Symptoms of Alkaptonuria (AKU):
- Black Urine: The initial symptom most patients with AKU will experience is black or dark urine.
- Osteoarthritis: Every AKU patient will experience joint pain at some juncture in their lives.
- Black Spots in Eyes: AKU patients start to develop black spots in the whites of their eyes as they get older.

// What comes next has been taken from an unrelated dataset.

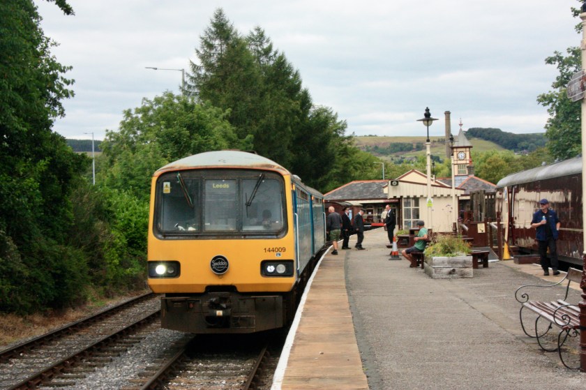 There is a remarkable variety of rolling stock on the ELR including a large diesel fleet, but what I had not reckoned on was making my first journey along the line in one of the much derided Pacer trains, in this case 144009 bearing the fictitious livery of Great Midlands Railway, following its appearance in the TV drama “Sherwood”.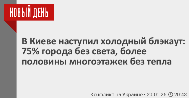 Самая сложная ситуация – в Киеве и области, Харьковской, Сумской, Донецкой, Одесской и Полтавской областях. В столице Украины без тепла остаются 4000 многоэтажек, что составляет почти половину жилого фонда, уточнил мэр Киева Виталий Кличко.

- Discoloration of Ears: The ears of most AKU patients will eventually begin to develop a blue-black color
- Heart Complications: The build-up of HGA caused by AKU can cause the vessels and valves of the heart
- Other Symptoms: Alkaptonuria (AKU) can also affect several other areas of the body.
Treatment/Management of Alkaptonuria (AKU):
Alkaptonuria (AKU) can be treated using the medicine nitisinone. The main focus of the treatment is to decrease the deposition of homogentisic acid (HGA). Many studies have suggested that the therapeutic drug nitisinone effectively halts the build of homogentisic acid (HGA) by 99%. Nitisinone is now available to patients across the world. Patients from all over the world can access nitisinone treatment from THE INDIAN PHARMA (TIP).
The disease Alkaptonuria (AKU) can also be treated through ascorbic acid, a low-protein diet, and several self-management techniques including exercise and pain management.
Ascorbic acid(Vit-C): Ascorbic acid, which is known as vitamin C can be used due to the effect of reducing the conversion of homogentisic acid to benzoquinone acetic acid by oxidation. However, it does not affect the urinary excretion of homogentisic acid.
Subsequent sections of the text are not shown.